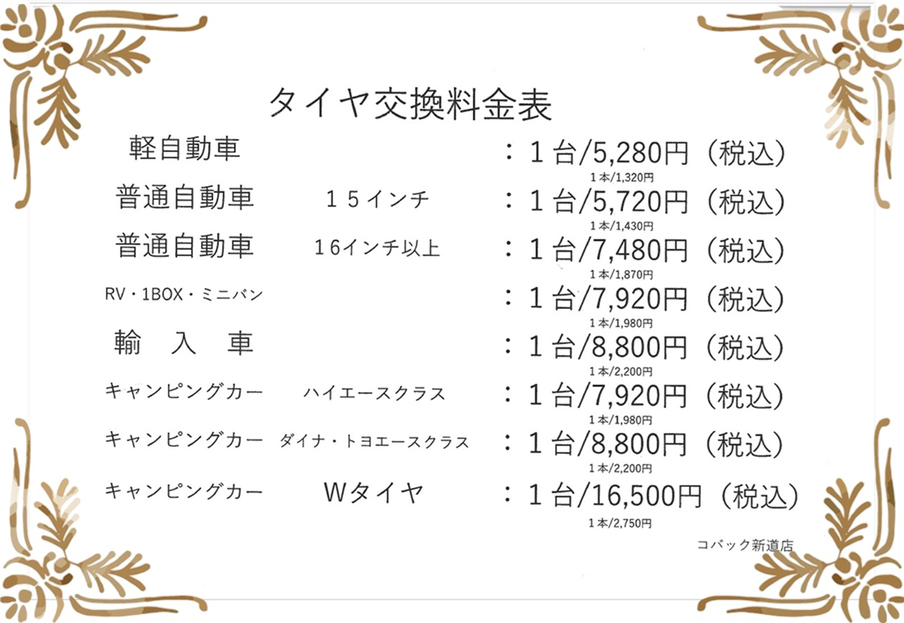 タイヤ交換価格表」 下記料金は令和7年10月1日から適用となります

────────────────────────────────────────

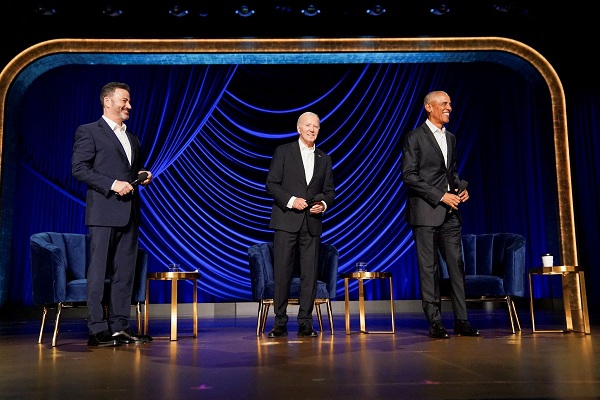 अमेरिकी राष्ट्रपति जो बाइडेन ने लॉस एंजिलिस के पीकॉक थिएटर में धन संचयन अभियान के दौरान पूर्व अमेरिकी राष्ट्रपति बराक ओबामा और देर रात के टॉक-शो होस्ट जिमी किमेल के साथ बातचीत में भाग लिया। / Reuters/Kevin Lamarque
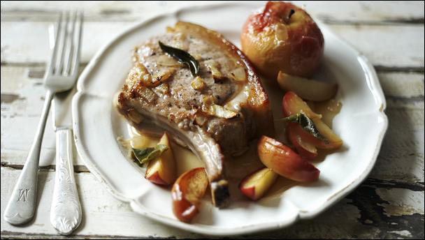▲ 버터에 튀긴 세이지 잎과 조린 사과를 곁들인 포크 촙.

────────────────────────────────────────

Required work:
From the material above, output only the span of lines that starts at the one containing "अमेरिकी राष्ट्रपति जो" and finishes at the one containing "사과를 곁들인 포크 촙.", word for word and free of pictures.

Result for this task:
 अमेरिकी राष्ट्रपति जो बाइडेन ने लॉस एंजिलिस के पीकॉक थिएटर में धन संचयन अभियान के दौरान पूर्व अमेरिकी राष्ट्रपति बराक ओबामा और देर रात के टॉक-शो होस्ट जिमी किमेल के साथ बातचीत में भाग लिया। / Reuters/Kevin Lamarque
▲ 버터에 튀긴 세이지 잎과 조린 사과를 곁들인 포크 촙.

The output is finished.